>>

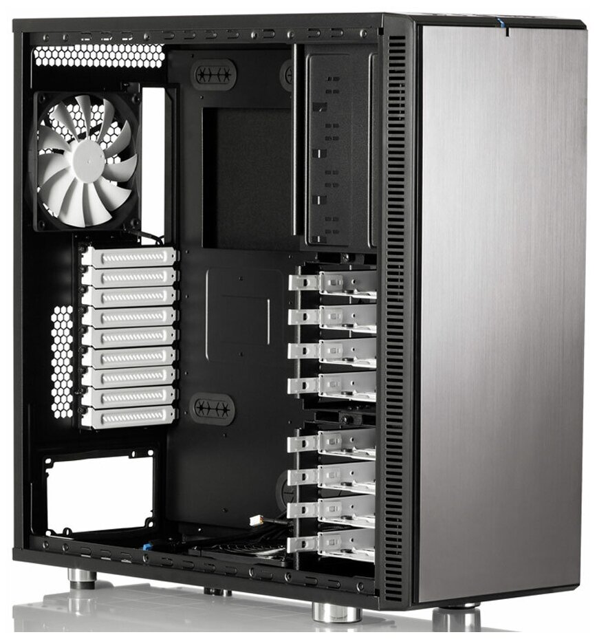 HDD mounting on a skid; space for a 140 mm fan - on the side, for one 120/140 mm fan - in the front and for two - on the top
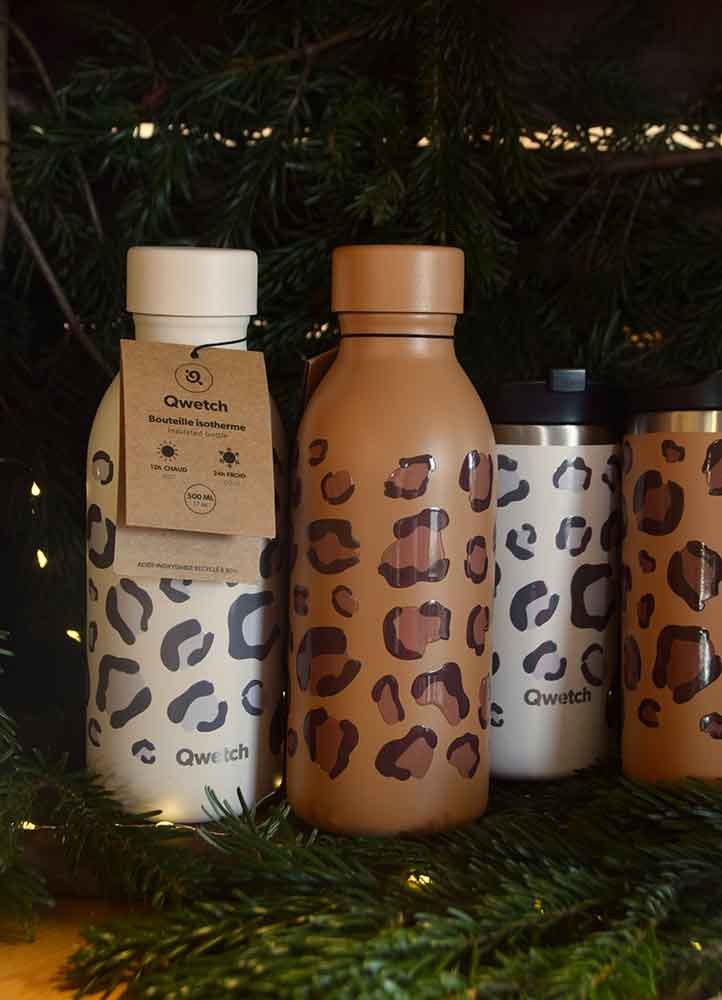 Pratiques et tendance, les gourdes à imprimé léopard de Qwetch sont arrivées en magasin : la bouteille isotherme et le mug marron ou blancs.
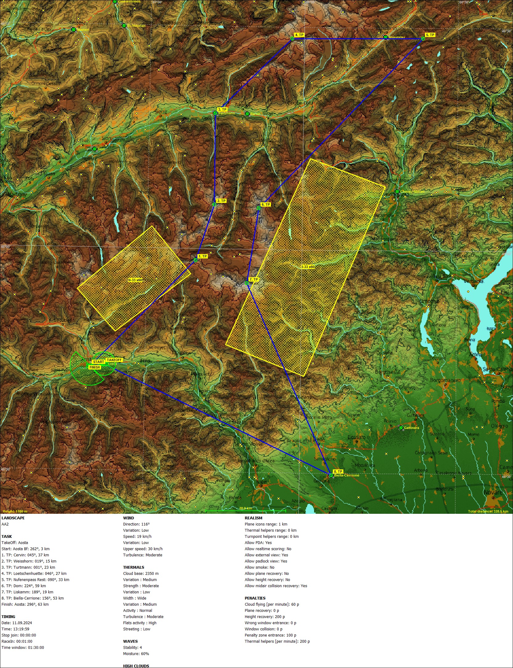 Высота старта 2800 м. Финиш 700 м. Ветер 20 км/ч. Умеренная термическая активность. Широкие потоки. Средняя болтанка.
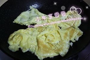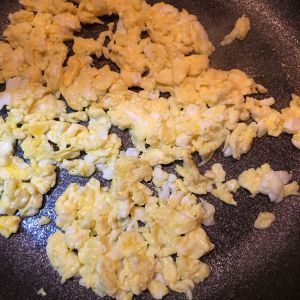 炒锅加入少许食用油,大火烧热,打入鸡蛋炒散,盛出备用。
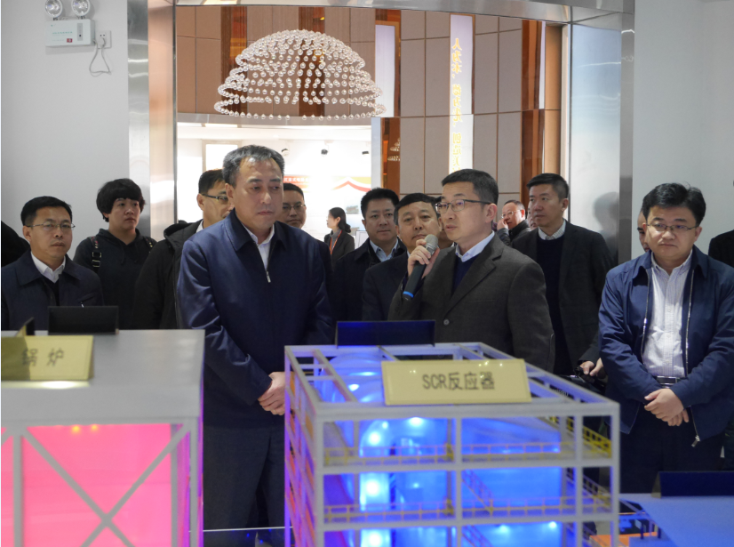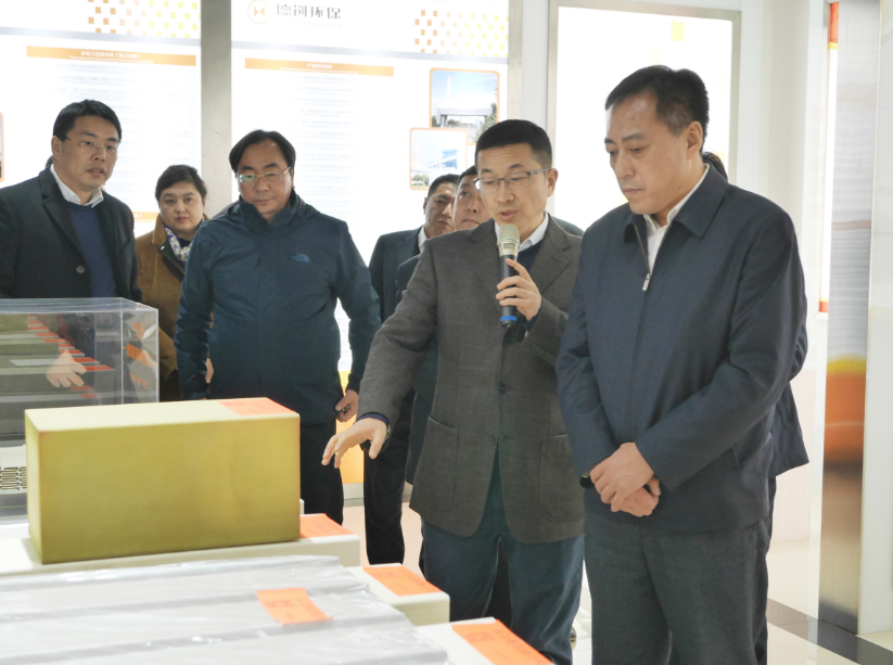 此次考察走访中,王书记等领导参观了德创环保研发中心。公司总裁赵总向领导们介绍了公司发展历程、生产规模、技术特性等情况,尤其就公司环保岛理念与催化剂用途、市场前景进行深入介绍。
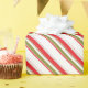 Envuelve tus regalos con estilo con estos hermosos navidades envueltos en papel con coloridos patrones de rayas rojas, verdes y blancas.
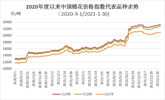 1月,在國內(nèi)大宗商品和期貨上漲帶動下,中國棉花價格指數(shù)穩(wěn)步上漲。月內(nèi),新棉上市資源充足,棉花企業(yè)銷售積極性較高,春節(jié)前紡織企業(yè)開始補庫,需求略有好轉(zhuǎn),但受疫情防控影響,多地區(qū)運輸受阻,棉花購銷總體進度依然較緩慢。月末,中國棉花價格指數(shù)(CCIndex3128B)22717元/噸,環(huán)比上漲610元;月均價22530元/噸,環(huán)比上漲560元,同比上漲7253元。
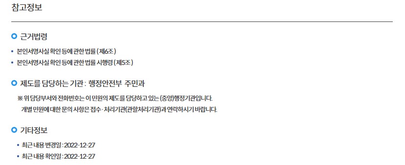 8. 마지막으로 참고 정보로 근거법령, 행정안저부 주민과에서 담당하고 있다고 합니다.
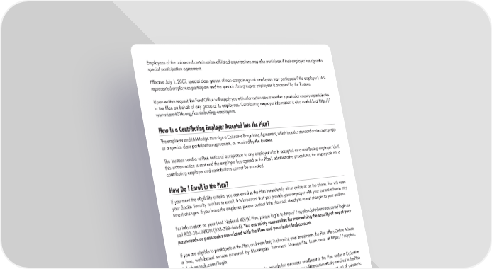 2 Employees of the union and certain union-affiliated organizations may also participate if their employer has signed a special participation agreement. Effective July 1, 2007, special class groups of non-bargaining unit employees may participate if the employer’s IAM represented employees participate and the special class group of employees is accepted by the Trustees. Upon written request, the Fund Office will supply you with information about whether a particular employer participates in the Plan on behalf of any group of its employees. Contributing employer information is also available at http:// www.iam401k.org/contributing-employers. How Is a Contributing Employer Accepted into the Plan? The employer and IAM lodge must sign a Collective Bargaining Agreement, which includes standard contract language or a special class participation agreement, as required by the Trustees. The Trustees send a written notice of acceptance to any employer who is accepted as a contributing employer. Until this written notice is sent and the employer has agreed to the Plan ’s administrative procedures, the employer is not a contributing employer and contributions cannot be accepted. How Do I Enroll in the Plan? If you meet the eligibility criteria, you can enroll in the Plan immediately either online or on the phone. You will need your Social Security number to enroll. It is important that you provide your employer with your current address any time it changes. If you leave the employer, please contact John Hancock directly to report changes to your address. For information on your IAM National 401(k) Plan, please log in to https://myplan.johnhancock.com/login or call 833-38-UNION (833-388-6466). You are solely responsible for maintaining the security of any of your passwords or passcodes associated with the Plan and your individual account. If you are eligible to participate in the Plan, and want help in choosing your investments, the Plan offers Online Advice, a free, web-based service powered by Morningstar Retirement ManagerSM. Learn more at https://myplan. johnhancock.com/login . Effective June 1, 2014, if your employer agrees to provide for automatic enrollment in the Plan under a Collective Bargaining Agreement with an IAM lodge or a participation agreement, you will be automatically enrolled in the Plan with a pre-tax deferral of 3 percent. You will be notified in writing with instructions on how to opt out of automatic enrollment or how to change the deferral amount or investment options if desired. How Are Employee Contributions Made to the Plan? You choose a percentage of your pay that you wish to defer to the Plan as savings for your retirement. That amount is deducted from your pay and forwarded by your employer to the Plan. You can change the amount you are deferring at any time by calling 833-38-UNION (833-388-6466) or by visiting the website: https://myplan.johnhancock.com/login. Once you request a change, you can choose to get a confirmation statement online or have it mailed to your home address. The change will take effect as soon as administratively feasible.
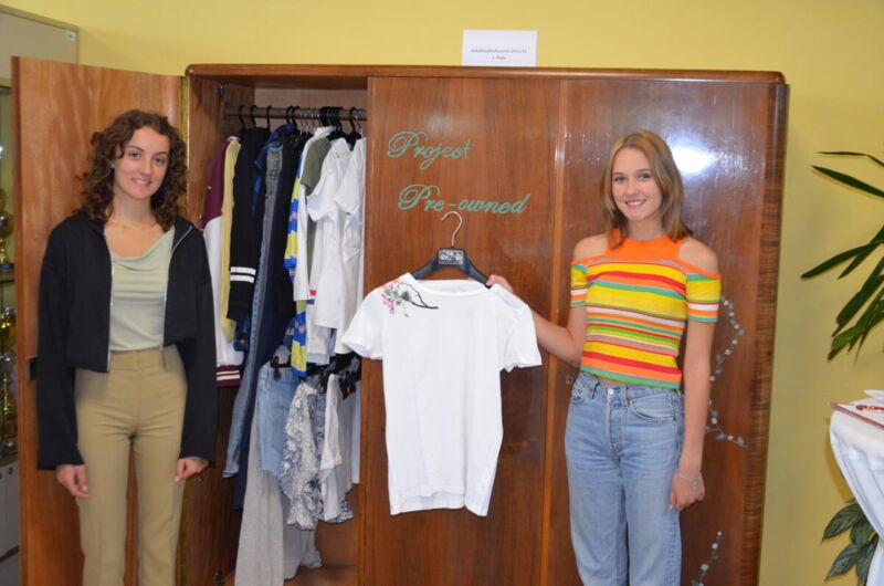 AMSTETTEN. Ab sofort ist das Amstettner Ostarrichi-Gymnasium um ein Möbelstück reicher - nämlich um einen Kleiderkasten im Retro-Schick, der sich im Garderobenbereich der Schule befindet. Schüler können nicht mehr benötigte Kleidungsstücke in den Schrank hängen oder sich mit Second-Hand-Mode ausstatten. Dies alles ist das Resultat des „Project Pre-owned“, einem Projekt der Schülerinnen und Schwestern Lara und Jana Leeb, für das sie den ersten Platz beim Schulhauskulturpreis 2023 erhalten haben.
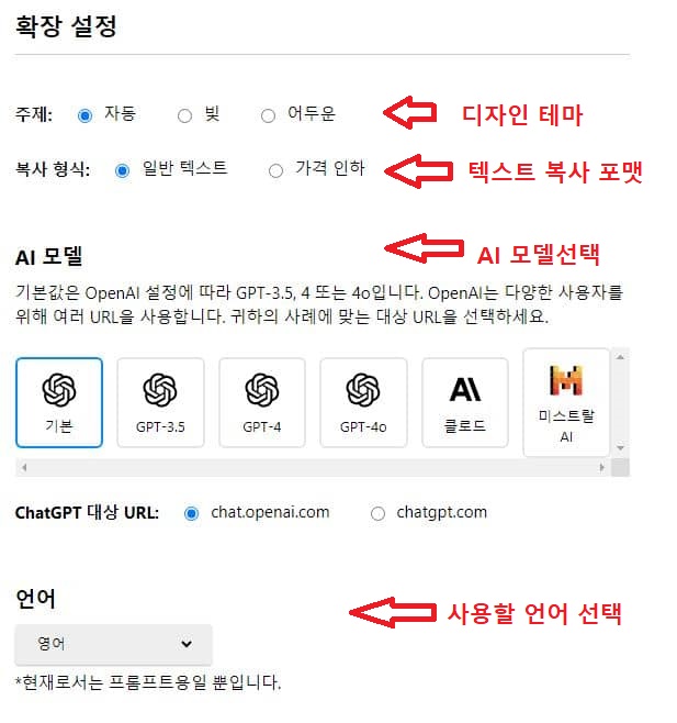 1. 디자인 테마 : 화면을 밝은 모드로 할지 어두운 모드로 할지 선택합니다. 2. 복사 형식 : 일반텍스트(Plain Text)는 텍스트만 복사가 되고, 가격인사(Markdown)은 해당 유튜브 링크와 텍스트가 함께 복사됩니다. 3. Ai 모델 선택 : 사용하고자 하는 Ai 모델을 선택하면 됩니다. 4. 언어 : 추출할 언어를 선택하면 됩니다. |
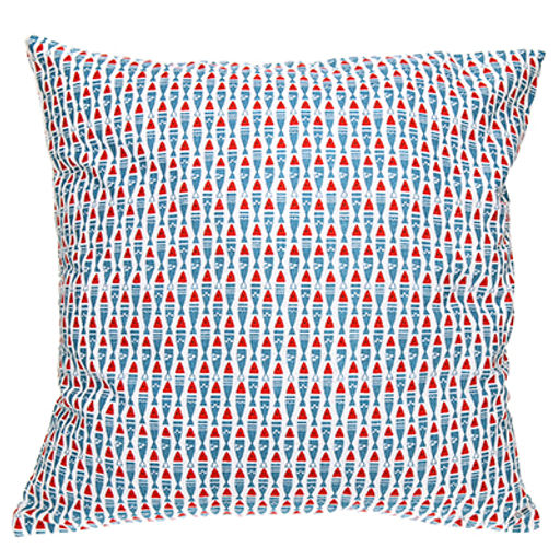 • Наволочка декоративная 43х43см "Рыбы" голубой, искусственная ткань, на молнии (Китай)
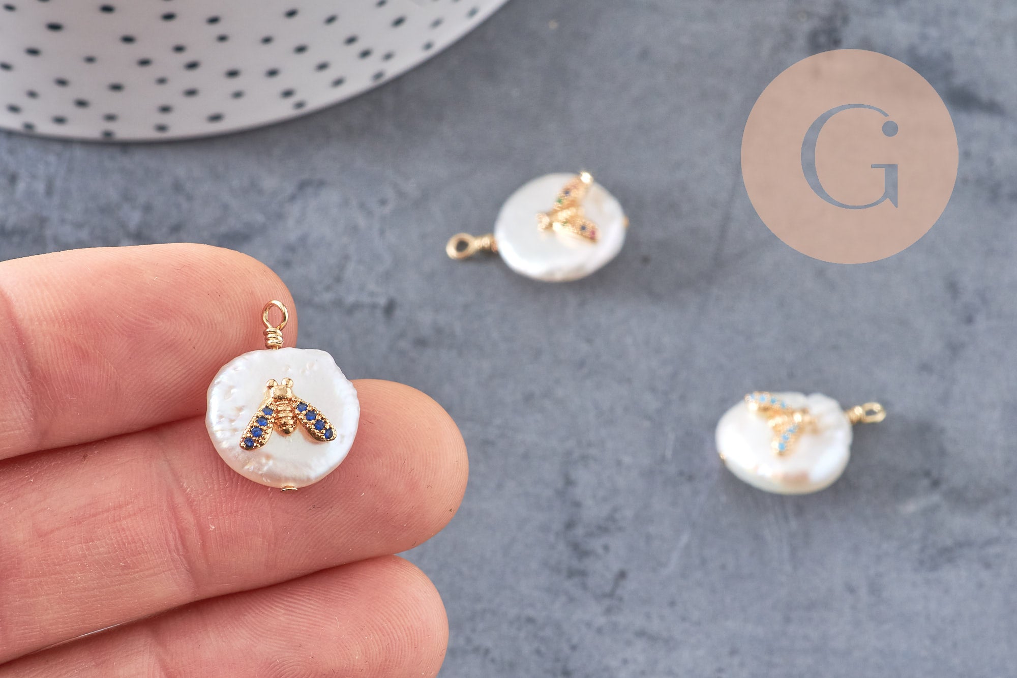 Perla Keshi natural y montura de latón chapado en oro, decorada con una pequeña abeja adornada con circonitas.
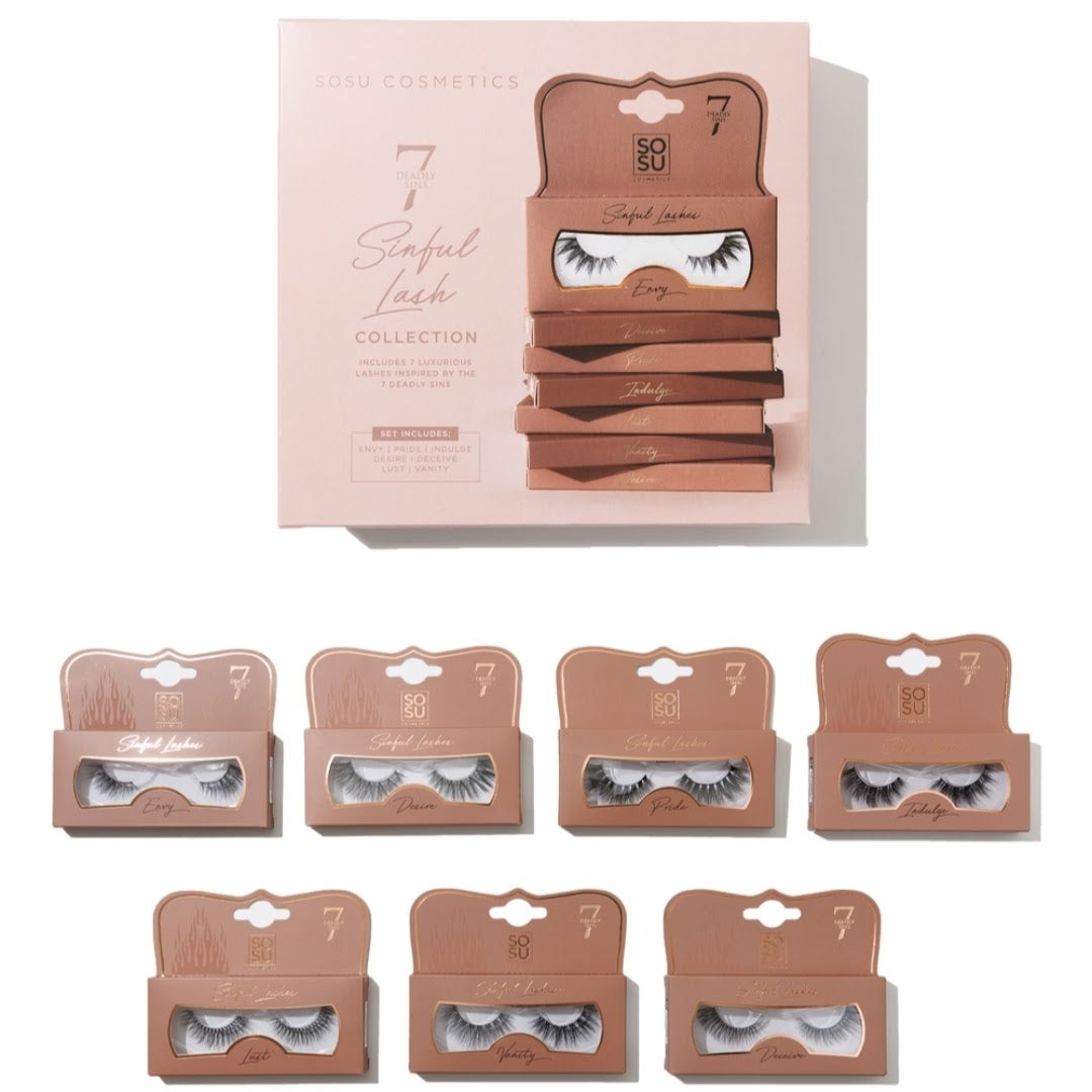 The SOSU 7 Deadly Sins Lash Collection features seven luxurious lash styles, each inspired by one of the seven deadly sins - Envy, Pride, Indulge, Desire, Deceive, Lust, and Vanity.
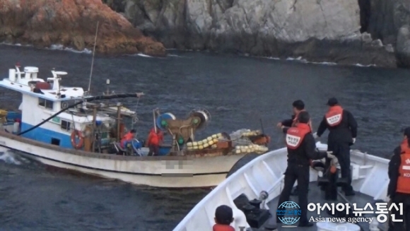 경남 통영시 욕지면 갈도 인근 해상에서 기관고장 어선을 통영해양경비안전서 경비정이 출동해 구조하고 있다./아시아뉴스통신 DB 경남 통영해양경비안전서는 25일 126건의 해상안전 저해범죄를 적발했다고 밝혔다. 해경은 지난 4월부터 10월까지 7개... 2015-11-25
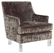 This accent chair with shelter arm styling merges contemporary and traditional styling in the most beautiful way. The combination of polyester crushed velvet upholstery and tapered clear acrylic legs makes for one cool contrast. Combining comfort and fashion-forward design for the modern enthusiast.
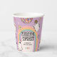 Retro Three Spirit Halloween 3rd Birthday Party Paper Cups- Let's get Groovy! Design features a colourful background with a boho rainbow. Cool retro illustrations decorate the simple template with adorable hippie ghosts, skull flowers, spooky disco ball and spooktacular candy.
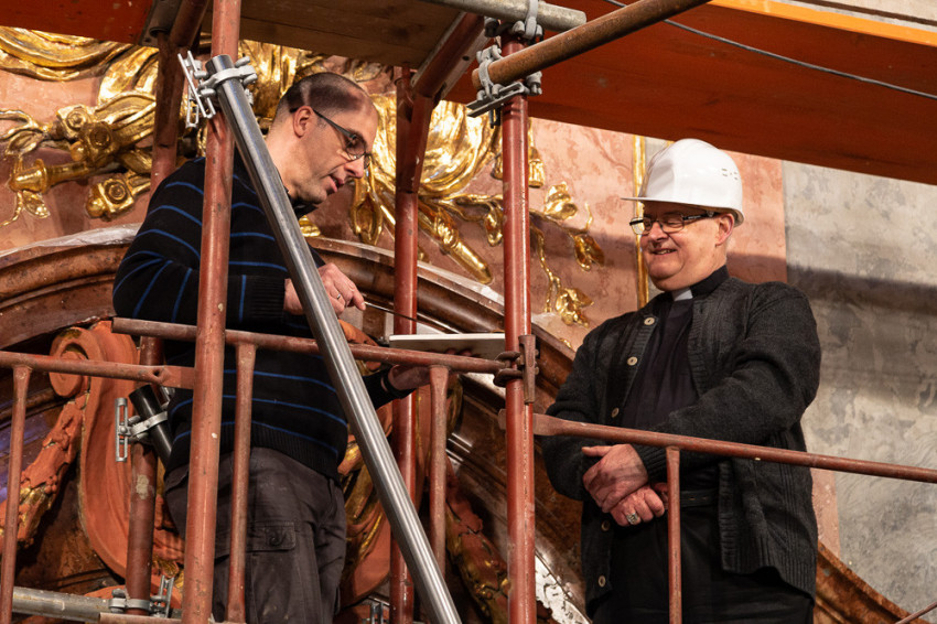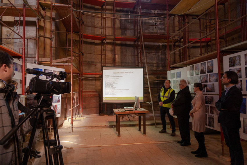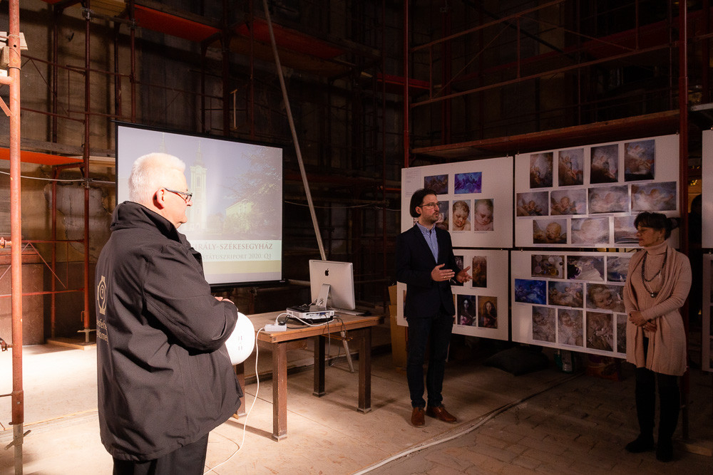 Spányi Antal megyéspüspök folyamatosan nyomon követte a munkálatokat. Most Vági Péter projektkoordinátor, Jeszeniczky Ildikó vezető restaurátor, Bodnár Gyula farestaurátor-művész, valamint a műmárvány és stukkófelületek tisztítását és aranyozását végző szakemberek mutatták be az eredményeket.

<<

#### THE PROBLEM:
Without any pictures, output exactly the lines from the start of the material through the line that contains "8. 마지막으로 참고", and only those.

#### REPLY:
 HDD mounting on a skid; space for a 140 mm fan - on the side, for one 120/140 mm fan - in the front and for two - on the top
 Pratiques et tendance, les gourdes à imprimé léopard de Qwetch sont arrivées en magasin : la bouteille isotherme et le mug marron ou blancs.
 Высота старта 2800 м. Финиш 700 м. Ветер 20 км/ч. Умеренная термическая активность. Широкие потоки. Средняя болтанка.
 炒锅加入少许食用油,大火烧热,打入鸡蛋炒散,盛出备用。
 此次考察走访中,王书记等领导参观了德创环保研发中心。公司总裁赵总向领导们介绍了公司发展历程、生产规模、技术特性等情况,尤其就公司环保岛理念与催化剂用途、市场前景进行深入介绍。
 Envuelve tus regalos con estilo con estos hermosos navidades envueltos en papel con coloridos patrones de rayas rojas, verdes y blancas.
 1月,在國內(nèi)大宗商品和期貨上漲帶動下,中國棉花價格指數(shù)穩(wěn)步上漲。月內(nèi),新棉上市資源充足,棉花企業(yè)銷售積極性較高,春節(jié)前紡織企業(yè)開始補庫,需求略有好轉(zhuǎn),但受疫情防控影響,多地區(qū)運輸受阻,棉花購銷總體進度依然較緩慢。月末,中國棉花價格指數(shù)(CCIndex3128B)22717元/噸,環(huán)比上漲610元;月均價22530元/噸,環(huán)比上漲560元,同比上漲7253元。
 8. 마지막으로 참고 정보로 근거법령, 행정안저부 주민과에서 담당하고 있다고 합니다.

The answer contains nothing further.